However you don't have even the possibility with closed-source products. That means you must instead rely on the process used to create the software. So something by MS might actually be pretty trustworthy from a "security issues not accidentally introduced" standpoint at this point after years of improvement on secure coding practices.
But they still operate by a profit motive, and there's still the possibility of deliberate introduction of security issues when it suits business purposes or for legal compliance.
Unfortunately there's no great way to tell that an OSS project from RANDOM_DEV is well-coded without looking at the code and it may be that a well-intentioned but junior dev introduces a relative swath of security bugs by accident.
I don't know where the cutoff is either. It may depend more on your threat model than anything else.
In a similar vein, would it not be possible to spot hardware backdoors in PRNG by running many identical encryption tests across many different types of hardware looking for one that doesn't behave like the others?
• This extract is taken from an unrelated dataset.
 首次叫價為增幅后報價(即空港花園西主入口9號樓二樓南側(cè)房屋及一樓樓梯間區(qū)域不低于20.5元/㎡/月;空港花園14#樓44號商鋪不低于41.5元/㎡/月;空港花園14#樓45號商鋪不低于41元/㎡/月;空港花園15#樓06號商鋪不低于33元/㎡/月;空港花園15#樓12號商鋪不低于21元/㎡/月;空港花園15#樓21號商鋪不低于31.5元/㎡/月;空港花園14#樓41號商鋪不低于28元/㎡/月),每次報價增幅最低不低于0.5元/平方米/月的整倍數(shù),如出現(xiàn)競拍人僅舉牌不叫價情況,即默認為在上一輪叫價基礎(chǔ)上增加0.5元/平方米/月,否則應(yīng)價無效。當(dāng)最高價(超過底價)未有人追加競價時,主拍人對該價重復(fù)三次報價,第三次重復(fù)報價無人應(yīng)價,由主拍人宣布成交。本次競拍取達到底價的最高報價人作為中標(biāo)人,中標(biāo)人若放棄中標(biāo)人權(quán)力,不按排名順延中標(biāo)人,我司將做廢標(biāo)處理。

More generally, what tools exist for the automatic detection and mitigation of backdoors?
This was, of course, very expensive, and made software changes a very difficult and slow process.
Of course this rules out all 'cloud' software other than simple dumb data storage. RMS was right again.
 "Cloud computing is a trap, warns GNU founder Richard Stallman" http://www.theguardian.com/technology/2008/sep/29/cloud.comp...
Mostly the same reason they rely on third party infrastructure like electricity and plumbing: economics.
Cloud services has none of that, and can cut off service for any reason. Work on any competing services that "the company" dislike, or do anything disruptive to people in power, and instant see your future, your business, you speech be taken down to a 404 not found. Any logs, any files, any property at all confiscated. Even pure money is not safe from "indefinite suspension of the account".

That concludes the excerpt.